Intervention de Cédric Villani

Réunion du jeudi 10 décembre 2020 à 9h00
Office parlementaire d'évaluation des choix scientifiques et technologiques

Photo issue du site de l'Assemblée nationale ou de WikipediaCédric Villani, député, président de l'Office :

. – Je salue une nouvelle fois l'ampleur du travail réalisé, qui s'étend au‑delà de la saisine initiale. Les 240 heures d'écoute, les enquêtes et les auditions ont donné la parole à des centaines de personnes. Le résultat est visible dans ce document, véritable condensé d'informations utiles. Un temps sera nécessaire pour que la sphère politique se l'approprie.

Certains chiffres forts résument les constats établis. D'autres sujets vont à contre-courant des réalités habituellement représentées. À chaque habitant est associée une tonne de déchets plastiques depuis le milieu du XXe siècle. Il faut penser ces déchets comme des éléments venant innerver l'ensemble des écosystèmes de la planète. Il ne s'agit pas d'un cycle, mais plutôt d'un flux, qui s'étend des gros déchets aux échelles nanoscopiques.

Le mot d'ordre qui domine l'ensemble du rapport est celui de la grande solidité et de l'indestructibilité microscopique du plastique. Cette réalité est paradoxale, car le plastique est en général considéré comme un matériau bon marché, qui se déchire, se casse et se jette. Toutefois, c'est la grande stabilité des polymères dans l'écosystème, y compris sous forme microscopique, qui pose problème.

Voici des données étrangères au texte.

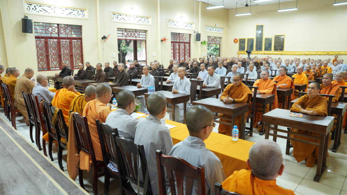 Kỳ thi Tuyển sinh khóa XII, niên khóa 2026 – 2029, Trường TCPH tỉnh tiếp tục chào đón các Tăng Ni sinh tham gia dự học. Đây là niềm hoan hỷ để Ban Giám hiệu trường tiếp tục con đường đào tạo Tăng Ni sinh trẻ để phụng sự cho Đạo pháp và Dân tộc.” – Thầy Hiệu trưởng nhấn mạnh. Ban đạo từ tại lễ khai mạc, HT. Thích Phước Tú đã sách tấn Tăng Ni sinh trước khi bước vào kỳ thi chính thức: “Trong môi trường Phật học nên giữ gìn pháp Lục hòa, biết thương yêu và hỗ trợ lẫn nhau, để cùng tu cùng tiến trên bước đường tu học lâu dài. Bên cạnh đó, việc chấp hành nội quy, tề chỉnh oai nghi tế hạnh, trau dồi Giới – Định – Tuệ để xứng đáng là người kế thừa, cho Phật giáo mai sau…”

Le rapport va également à l'encontre de l'image de « continents-plastiques ». Il ne s'agit pas de continents, mais plutôt de concentrations, de « soupes ». De plus, ceux‑ci ne représentent qu'une partie du problème. En effet, ces zones ne correspondent qu'à quelques pourcents des déchets produits. Les gisements de plastiques non répertoriés dans l'environnement sont amenés à ressurgir d'une manière ou une autre, à un moment donné.

Certaines anecdotes revêtent une force particulière, telles que les filets abandonnés, qui se comptent en milliers de tonnes, les microbilles, les canards en plastique, etc. Le rapport pointe également l'ampleur des travaux de recherche actuels pour comprendre la nature des flux de plastique et leur transformation.

La France et l'Europe pourraient être bien mieux placées dans ce domaine. La recherche à réaliser doit être multidisciplinaire, ce qui est bien différent des « grandes recherches théoriques nobles » auxquelles la France est habituée.

Les atteintes du plastique à l'environnement doivent être considérées de manière aussi sérieuse que les autres grands sujets liés à l'environnement, tels que la crise climatique. À maintes reprises, l'Office a évoqué la question des déchets nucléaires et leur devenir à long terme. La question des déchets plastiques n'est pas à prendre davantage à la légère. En effet, leur production ne cesse d'augmenter et continue à s'aggraver malgré les prises de conscience récentes.

Avant de diffuser ce rapport, des actions spécifiques de communication devront être menées. Les recommandations du rapport incluent tous les domaines : l'économie, l'éducation, la recherche et l'entente mondiale. Cinq pays représentent plus de la moitié de la production des déchets plastiques. À cet égard, la question de la prise de conscience de ces pays est posée.

Par ailleurs, le rapport invite à porter un regard sur les lois, la hiérarchisation des problèmes et les limites du recyclage. Récemment, une loi a été votée sur l'interdiction de la production d'emballages plastiques à usage unique à l'horizon 2040. Les militants écologistes ont globalement estimé que la date de 2040 était trop tardive, eu égard à l'urgence du problème. Le gouvernement a objecté que la France était la première à fixer un tel horizon. Un éclaircissement des deux rapporteurs serait souhaitable en la matière.

La notion d'éléments plastiques invisibles représente un autre sujet important du rapport. Dans le cas des pneumatiques, un débat a lieu entre la recherche industrielle et les laboratoires de recherche, afin de déterminer quel est le devenir des particules de pneumatiques. À cet égard, le sujet du plastique mérite de s'inviter dans l'ensemble des secteurs.